Backups and Business Continuity

To implement host-level VM image backups—often dubbed agentless backups—in a vSphere virtual infrastructure (VI), Vembu BDR utilizes VMware application programming interfaces (APIs), including the vSphere Storage APIs for Data Protection (VADP), In particular, VADP provide a snapshot-based framework for VM backup, which Vembu BDR leverages using the latest release of VMware Virtual Disk Development Kit (VDDK 5.5) to access, manipulate, and transfer VM data.

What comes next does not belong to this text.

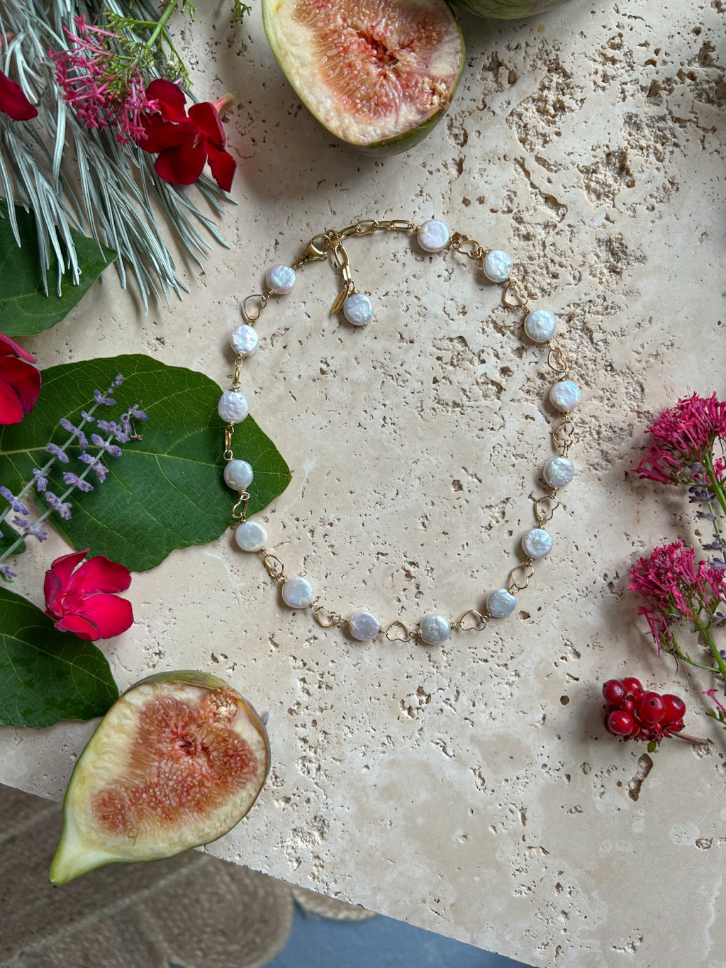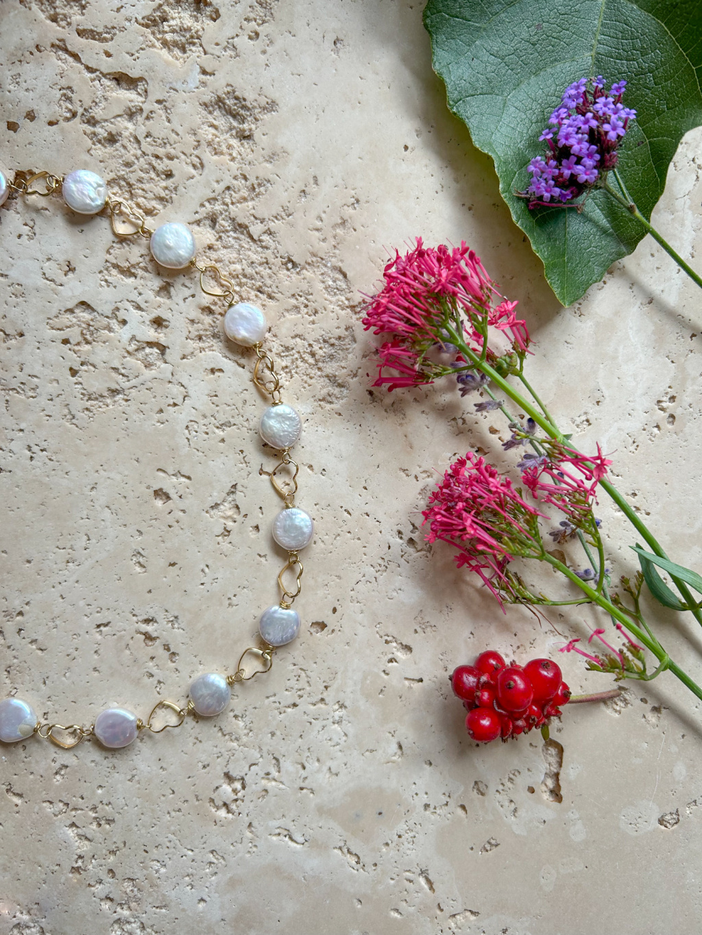 Ručně vyrobený náhrdelník z pravých říčních perel a z pozlacené chirurgické oceli.

By combining tight integration with vSphere for VM image backups with unified block-level OS and application backups of physical systems, Vembu BDR provides a critical business value to any CIO working with line of business (LoB) executives. For LoB executives, the most important function of IT is the ensuring of business continuity for key business applications. Moreover, these executives drive the growing demand on IT to comply with a service level agreement (SLA) for business continuity. Pivotal components in such an SLA are a Recovery Point Objective (RPO), which limits the amount of data that can be lost, and a Recovery Time Objective (RTO), which limits amount of time taken to recover after a system outage.

Adding Application Awareness

For data protection, a VI provides IT with greater flexibility; however, a VI simultaneously presents IT with radically different logical constructs from a typical physical infrastructure. A unique duality characterizes a VI. From a physical perspective, a VI is a collection of host servers running a common hypervisor and supporting a set of applications. From a logical perspective, each hypervisor application is a VM running a distinct OS and hosting its own set of applications.

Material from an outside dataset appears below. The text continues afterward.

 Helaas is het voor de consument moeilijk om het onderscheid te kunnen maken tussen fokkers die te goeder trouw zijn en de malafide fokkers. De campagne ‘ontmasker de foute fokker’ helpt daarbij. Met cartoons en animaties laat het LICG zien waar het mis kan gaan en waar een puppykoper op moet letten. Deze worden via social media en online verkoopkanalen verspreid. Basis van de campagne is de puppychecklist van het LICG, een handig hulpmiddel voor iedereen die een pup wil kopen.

While VI management software attempts to make VM duality transparent, data protection operations continue to remain difficult for IT administrators to master. IT is able to provide highly efficient hypervisor-level data protection by backing up VMs as unique entities. Nonetheless, such a data protection scheme on its own fails to support the needs of users. LoB users focus exclusively on data objects associated with the applications running within a VM, such as a user’s mailbox in an Exchange mailbox database.

For an IT administrator to perform data protection tasks, such as application data recovery and log truncation, a host-level VM backup must invoke APIs within the guest OS to quiesce VM application I/O activity by committing all current transactions and freezing new transactions. Application quiescence creates a crash-consistent backup within the guest OS. In the case of a host-level backup of a VM running Exchange, Microsoft explicitly recommends using Windows Volume Shadow Service (VSS) Writer to quiesce Exchange, truncate logs, and avoid data loss.

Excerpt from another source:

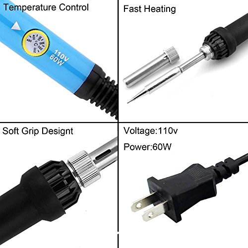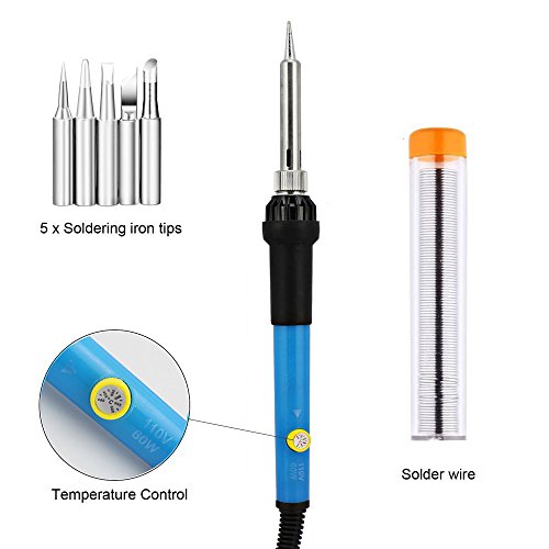 Elecrow 9 Pieces Set Soldering Iron Kit 60w - 110v - Adjustable Temperature 5pcs Different Tips Desoldering Pump Stand anti-static Tweezers and Additional Solder Tube for Electric Work

To quiesce VM guest OS applications, Vembu provides Appaware, a VMware Tools extension, which is frequently referred to as a VSS requestor agent. IT administrators install Appaware on any VM running an application requiring log truncation after a backup. VSS requestor agents are frequently used to call APIs in a VM guest OS; however, some competitor’s, such as Veeam, download and install a VSS requestor agent at run-time, and then remove it after the backup is completed.

Vembu’s Appaware agent uses the VSS Writer to implement Redirect on Write(RoW) snapshots within a Windows guest OS, rather than CoW snapshots, which imposes less total I/O overhead on an incremental VM backup.

Critical RPO and RTO Success Factors

Minimizing data loss for an application means maximizing the number of backups created for an application. To meet an aggressive RPO for a critical application, IT operations must be able to schedule frequent backups, that occur as the application runs throughout the work day. To support fast incremental VM backups that have a minimal impact on application processing, vSphere implements a Changed Block Tracking (CBT) mechanism, which explicitly maps all of the modified data blocks for an incremental backup. In addition, the updated VMware VDDK 5.5 significantly reduces the overhead associated with an ESX copy on Write (CoW) snapshot.

For VM logical disks on ESX datastores, CoW snapshots are highly space efficient. To represent a snapshot of a logical disk, an ESX host is able to create an empty file instantly in the VM’s datastore. Only when data needs to be written to a logical disk, does the host actually write data into the snapshot. In particular, the host reads the current data, writes that data to the snapshot, and then writes the new data to the original location. For a VM, the presence of a CoW snapshot results in performing three logical I/O operations for each new write to the file representing a VM logical disk.

The overhead for writes associated with a CoW snapshot escalates dramatically when a business critical application with a high level of I/O activity is running on a VM a Windows guest OS. As part of the backup process, a VSS requestor agent on the VM will need to invoke the VSS Writer to quiesce the application and create snapshots of logical disks. In this process, most VSS requestor agents double down on I/O write overhead by also implementing the Windows Server guest OS snapshots as CoW snapshots that are encapsulated within the ESX host CoW snapshot.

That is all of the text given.